*Data excerpts*
____

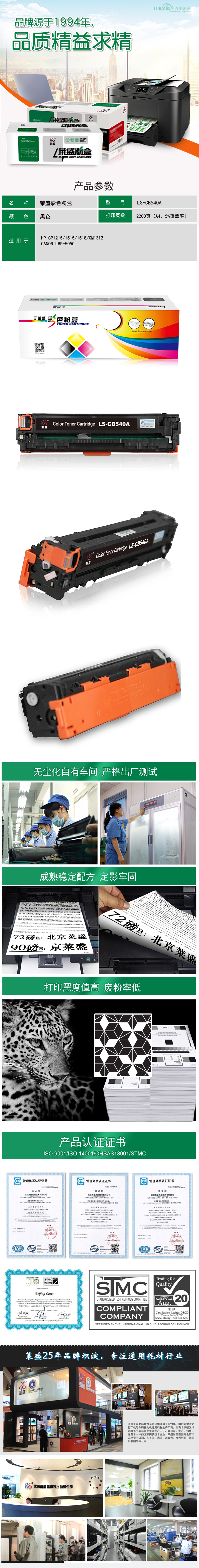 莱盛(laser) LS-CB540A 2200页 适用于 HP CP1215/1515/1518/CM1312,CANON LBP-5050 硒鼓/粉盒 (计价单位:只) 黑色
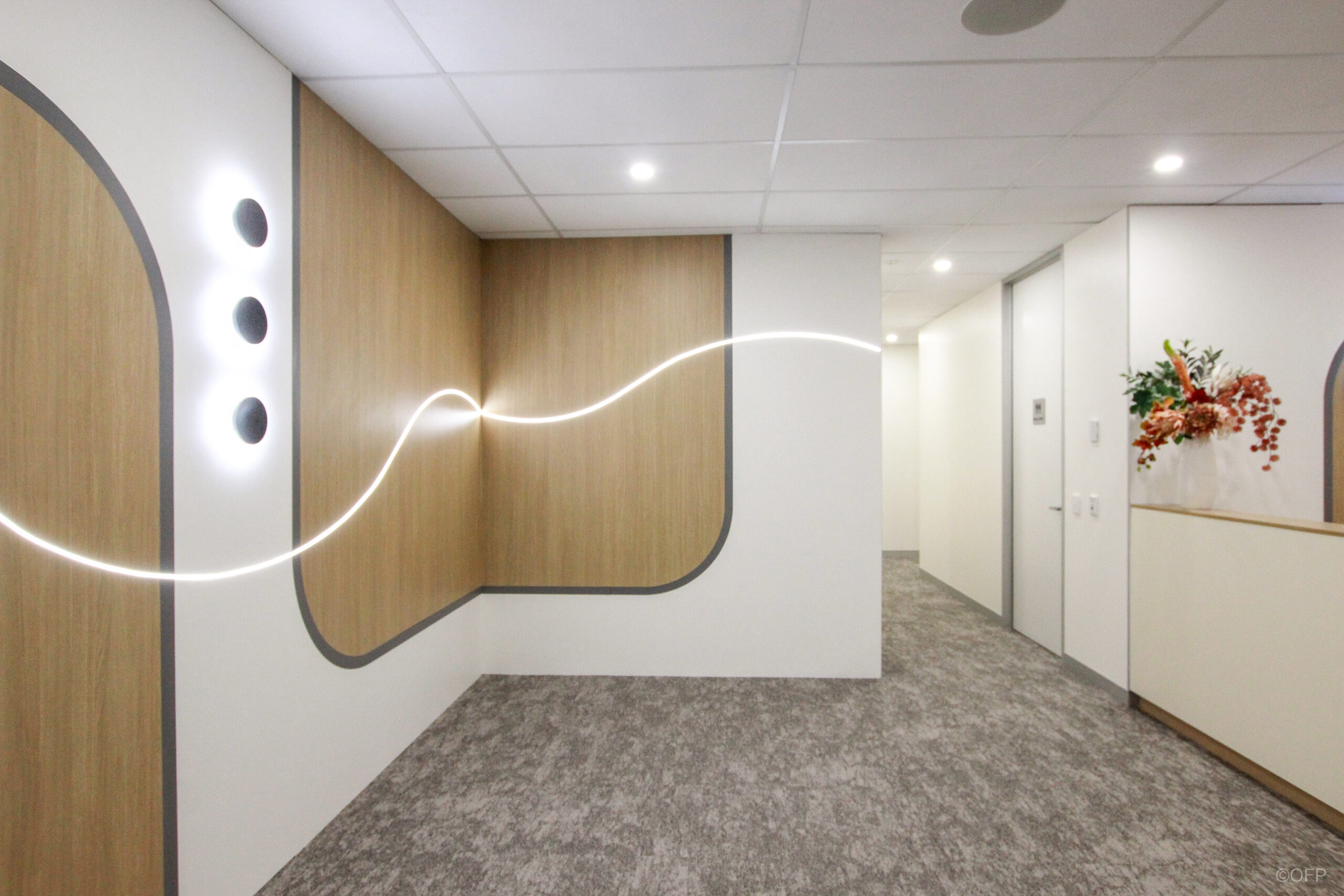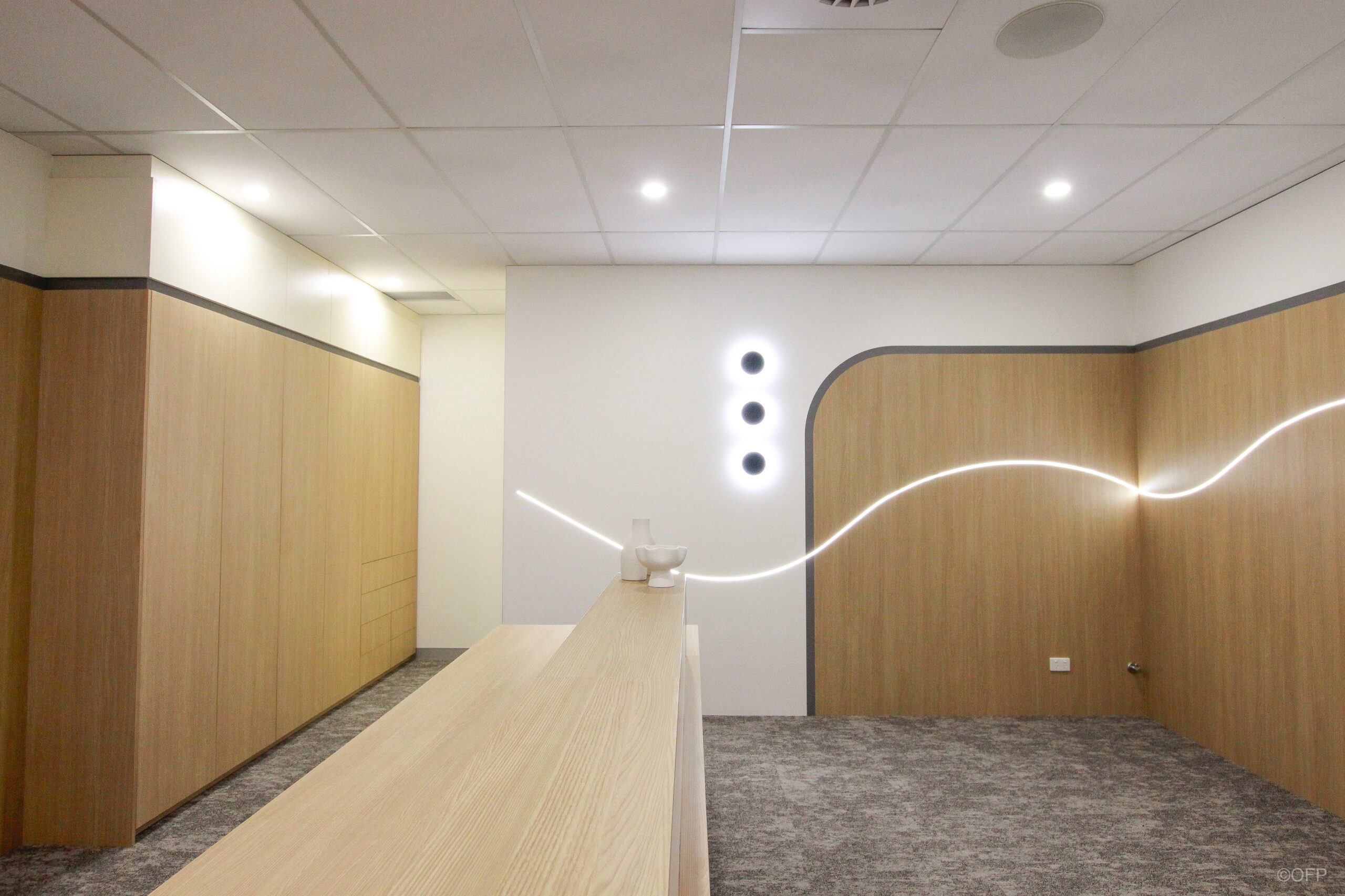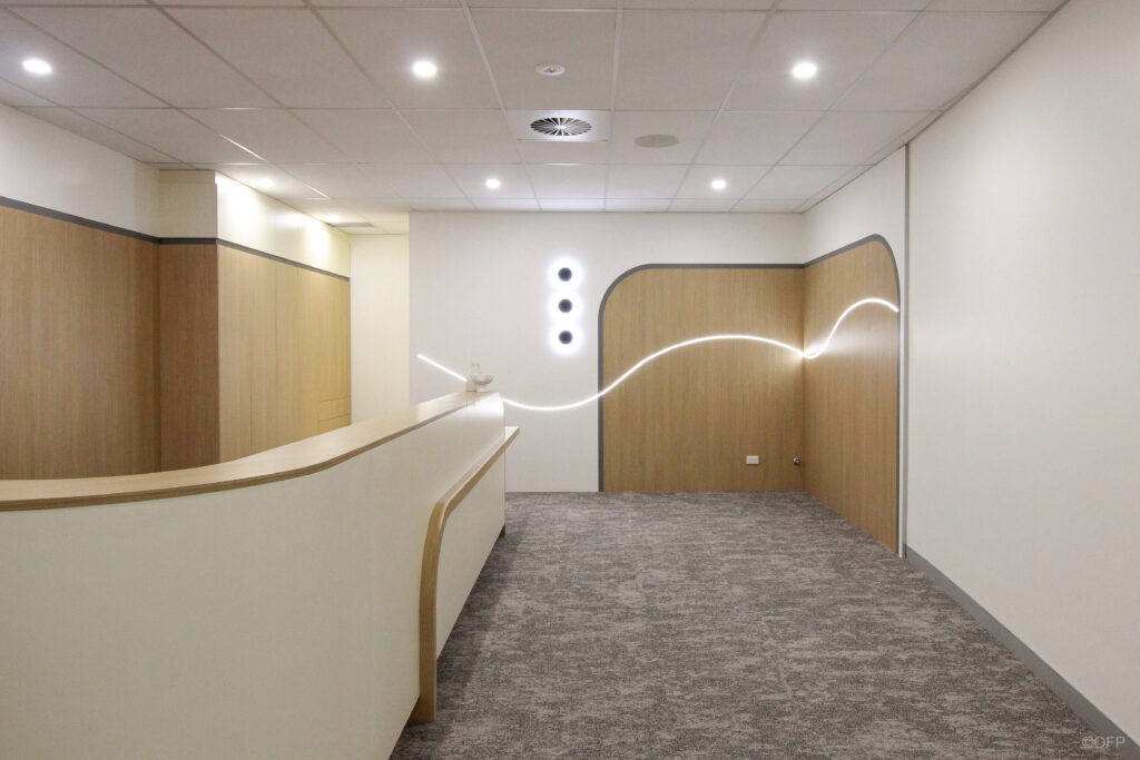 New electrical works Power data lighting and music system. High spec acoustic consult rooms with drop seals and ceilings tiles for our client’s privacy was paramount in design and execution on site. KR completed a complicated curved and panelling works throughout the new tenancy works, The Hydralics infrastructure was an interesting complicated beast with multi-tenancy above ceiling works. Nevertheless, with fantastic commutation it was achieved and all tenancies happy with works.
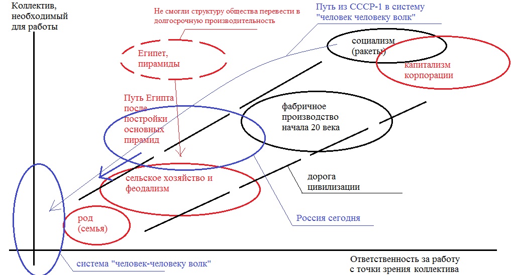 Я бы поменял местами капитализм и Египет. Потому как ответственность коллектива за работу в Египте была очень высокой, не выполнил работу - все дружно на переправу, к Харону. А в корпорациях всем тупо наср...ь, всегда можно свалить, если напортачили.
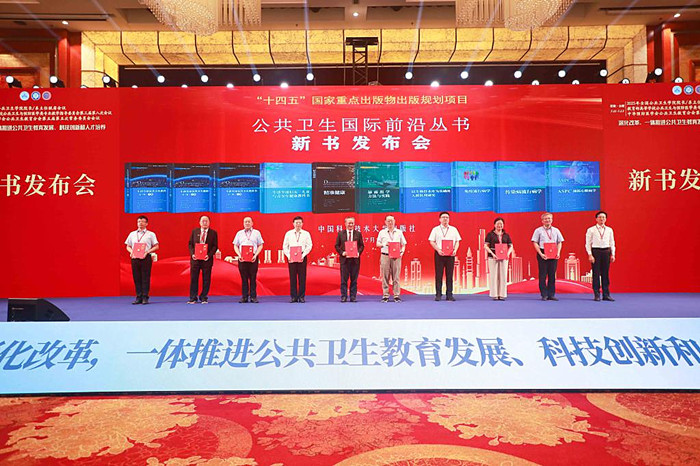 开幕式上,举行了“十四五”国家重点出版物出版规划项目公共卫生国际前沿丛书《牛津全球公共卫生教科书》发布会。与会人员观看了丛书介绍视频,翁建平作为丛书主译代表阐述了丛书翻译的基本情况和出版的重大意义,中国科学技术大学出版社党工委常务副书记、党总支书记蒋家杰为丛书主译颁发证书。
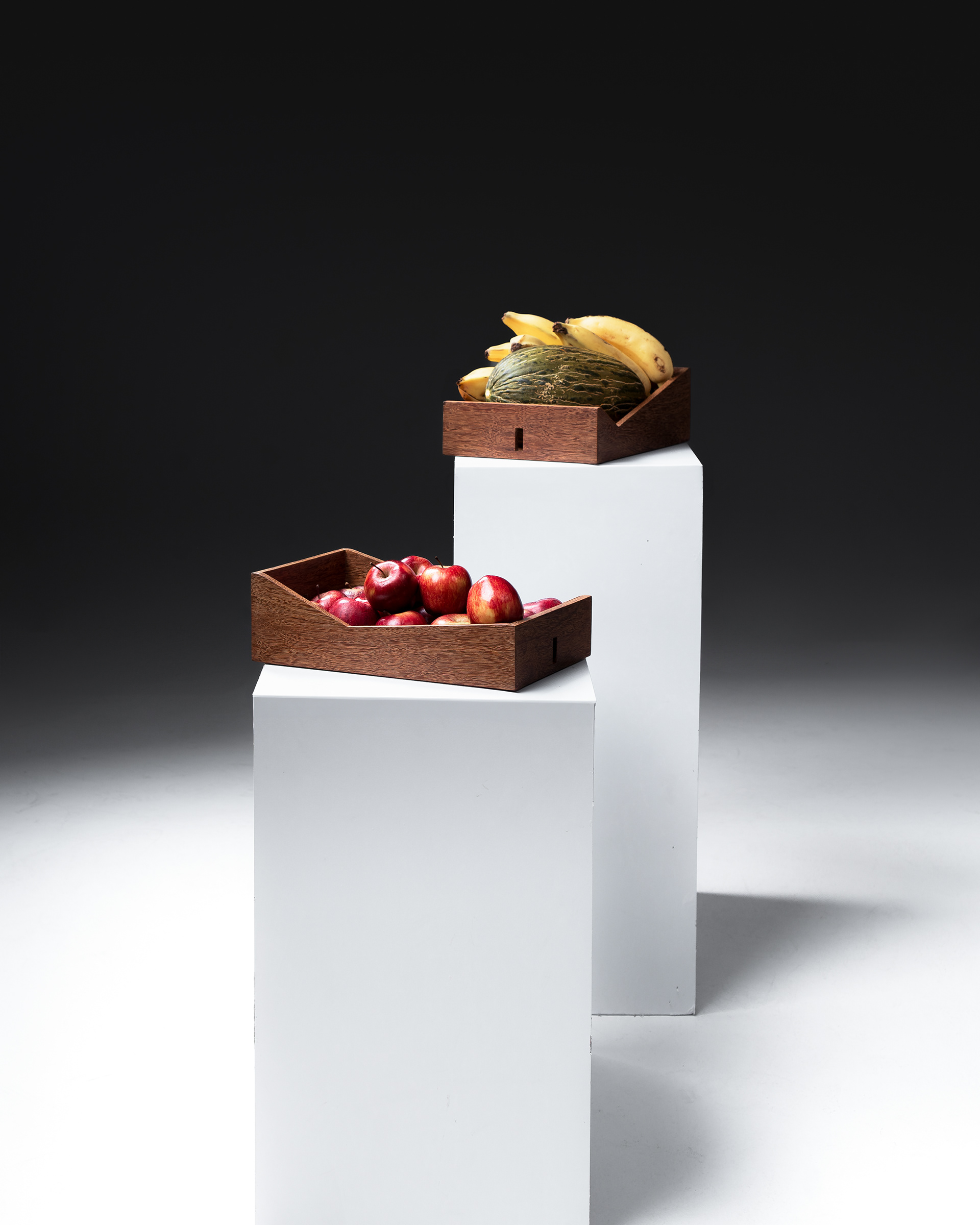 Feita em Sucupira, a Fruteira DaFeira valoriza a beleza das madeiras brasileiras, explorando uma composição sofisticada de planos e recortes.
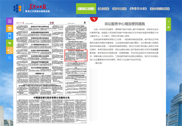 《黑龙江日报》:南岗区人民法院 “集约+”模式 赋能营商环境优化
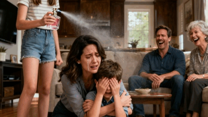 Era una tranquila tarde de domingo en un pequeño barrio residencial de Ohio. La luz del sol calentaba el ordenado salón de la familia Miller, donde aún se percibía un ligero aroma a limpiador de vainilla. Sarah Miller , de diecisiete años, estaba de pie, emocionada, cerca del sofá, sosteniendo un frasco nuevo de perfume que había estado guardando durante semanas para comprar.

____

Copy the listing character for character, pictures omitted.

*Output below*
 莱盛(laser) LS-CB540A 2200页 适用于 HP CP1215/1515/1518/CM1312,CANON LBP-5050 硒鼓/粉盒 (计价单位:只) 黑色
 New electrical works Power data lighting and music system. High spec acoustic consult rooms with drop seals and ceilings tiles for our client’s privacy was paramount in design and execution on site. KR completed a complicated curved and panelling works throughout the new tenancy works, The Hydralics infrastructure was an interesting complicated beast with multi-tenancy above ceiling works. Nevertheless, with fantastic commutation it was achieved and all tenancies happy with works.
 Я бы поменял местами капитализм и Египет. Потому как ответственность коллектива за работу в Египте была очень высокой, не выполнил работу - все дружно на переправу, к Харону. А в корпорациях всем тупо наср...ь, всегда можно свалить, если напортачили.
 开幕式上,举行了“十四五”国家重点出版物出版规划项目公共卫生国际前沿丛书《牛津全球公共卫生教科书》发布会。与会人员观看了丛书介绍视频,翁建平作为丛书主译代表阐述了丛书翻译的基本情况和出版的重大意义,中国科学技术大学出版社党工委常务副书记、党总支书记蒋家杰为丛书主译颁发证书。
 Feita em Sucupira, a Fruteira DaFeira valoriza a beleza das madeiras brasileiras, explorando uma composição sofisticada de planos e recortes.
 《黑龙江日报》:南岗区人民法院 “集约+”模式 赋能营商环境优化
 Era una tranquila tarde de domingo en un pequeño barrio residencial de Ohio. La luz del sol calentaba el ordenado salón de la familia Miller, donde aún se percibía un ligero aroma a limpiador de vainilla. Sarah Miller , de diecisiete años, estaba de pie, emocionada, cerca del sofá, sosteniendo un frasco nuevo de perfume que había estado guardando durante semanas para comprar.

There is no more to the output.